According to our cloud usage stats, clickhouse-connect is used by nearly 2200 organizations and has run almost 30 billion queries. 13% of clickhouse-connect users use it in async mode, but async mode accounts for 24% of all queries. In other words, async users run more than twice as many queries on average, which tells us async is disproportionately used by high-volume, performance-sensitive workloads.

Motivation for the async-native client

For I/O-heavy Python workloads, an event loop is significantly more efficient at managing concurrency than OS threads. The GIL limits what threads can do in parallel, and threads can only scale so far. An event loop can efficiently manage hundreds of concurrent I/O operations. Spawning hundreds of OS threads to do the same is simply not practical for this use case.

So while the executor-based approach provides a usable async client, it is not ideal for high-concurrency workloads. As load increases, the thread pool saturates, I/O blocks, and tail latencies rise.

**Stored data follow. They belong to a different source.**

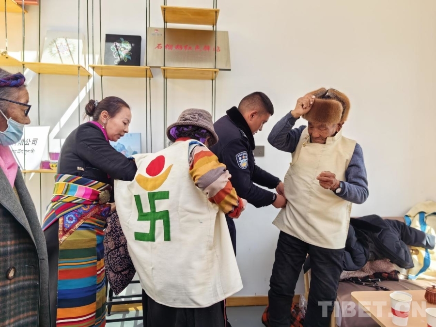 圖為工作人員為社區(qū)老人穿上藏式服裝
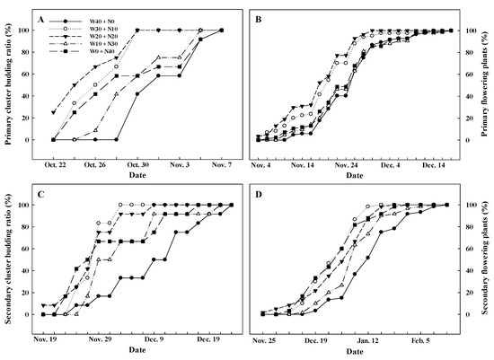 The budding ratio and flowering plants of the primary and secondary inflorescences are shown in Figure 3. The primary budding occurred first in the W20 + N20 group before 22 October 2019. The W20 + N20 and W30 + N10 groups achieved the first 100% primary budding rate on 30 October 2019 (Figure 3A). The first primary flowering plants belonged to the W20 + N20, and W30 + N10 groups, and this occurred on 4 November 2019. Additionally, the W20 + N20 group featured the first 100% primary flowering plants, which occurred on 28 November 2019 (Figure 3B). The W20 + N20 group featured the most developed flower bud just before the day of transplanting (Table 1). Unlike the W40 + N0 (which had a high C/N ratio but was low in other essential minerals) and W0 + N40 (which had a high nitrogen content and a low C/N ratio) groups, the W20 + N20 group was positioned in the middle of the range of element contents (Table 2). The secondary budding ratio occurred first in the W20 + N20 group before 19 November 2019. However, the W30 + N10 group achieved the first 100% secondary budding ratio on 3 December 2019 (Figure 3C). Secondary flowering plants were found first in the W20 + N20 group before 1 December 2019. However, the W30 + N10 group found the first 100% secondary budding ratio on 18 January 2020 (Figure 3D). For the secondary inflorescences, the effect of the nutrient solution resupply period seems to be relatively low; however, some nutrient solution resupply period groups (W30 + N10, W20 + N20) had a better budding ratio and flowering of plants than the W40 + N0 and W0 + N40 groups. It is known that fast flowering induces an early harvest. In the winter season (November to January), when strawberries are most expensive in the Republic of Korea, early harvested fruit can provide greater price competition [3,45]. Therefore, the W30 + N10 and W20 + N20 groups can support early harvests in order to increase the price competition of strawberries for farms and suppliers.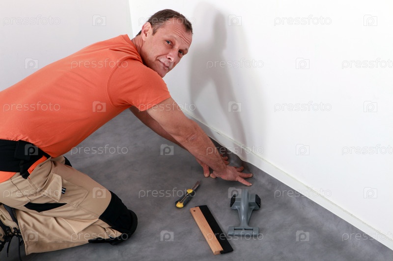 Мужчина укладывает ковролин в углу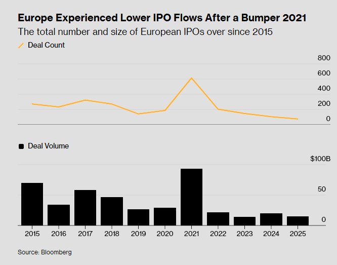 Από το 2021, που ήταν μια εξαιρετικά καλή χρονιά για τις αρχικές δημόσιες προσφορές, παρατηρείται παρατεταμένη έλλειψη IPO στην Ευρώπη. Τα επόμενα χρόνια υπήρξε σποραδική δραστηριότητα, αλλά ο πόλεμος στην Ουκρανία, η άνοδος των επιτοκίων, η ραγδαία αύξηση των τιμών της ενέργειας, οι συγκρούσεις στη Μέση Ανατολή, το εσωτερικό πολιτικό χάος, οι δασμοί και οι εμπορικοί πόλεμοι προκάλεσαν αβεβαιότητα που καθιστά δύσκολη την πραγματοποίηση IPO. Αυτές οι ανησυχίες αρχίζουν να υποχωρούν και οι τραπεζίτες που προσβλέπουν στο επόμενο έτος υποστηρίζουν ότι οι θετικές προοπτικές φαίνονται σαφείς.

Diagram comparing native-async network I/O with CPU parsing offloaded to a thread versus wrapping a synchronous client in a ThreadPoolExecutor

Schematic showing the conceptual difference between native-async network I/O (with offloaded CPU parsing) and wrapping an entire synchronous client operation in a ThreadPoolExecutor. Note that numbers are illustrative. Native async per-host concurrency is configurable.

High-level design choices

Choosing an async HTTP library

The sync client uses the excellent urllib3 HTTP library, but it's synchronous only. We needed an async replacement. In Python, there are two main production-grade choices: aiohttp and httpx.

httpx is known for:

its requests-compatible API
a clean, modern design
unified sync and async interfaces
a pure-Python protocol stack (httpcore & h11)
built-in HTTP/2 support

aiohttp is known for:

a longstanding asyncio-native design
being both an HTTP client and server framework
high throughput in async workloads
compiled accelerators for HTTP parsing and URL/header handling

For a high-throughput database client, raw speed is the top priority, so aiohttp was the natural choice. And despite the client having many methods and helpers, relatively few of them actually touch the HTTP library directly. Most operations flow through a small number of internal methods that make the actual requests. This meant that whatever library we did end up choosing, it would be relatively straightforward to swap out later if needed, though, spoiler alert, we didn’t.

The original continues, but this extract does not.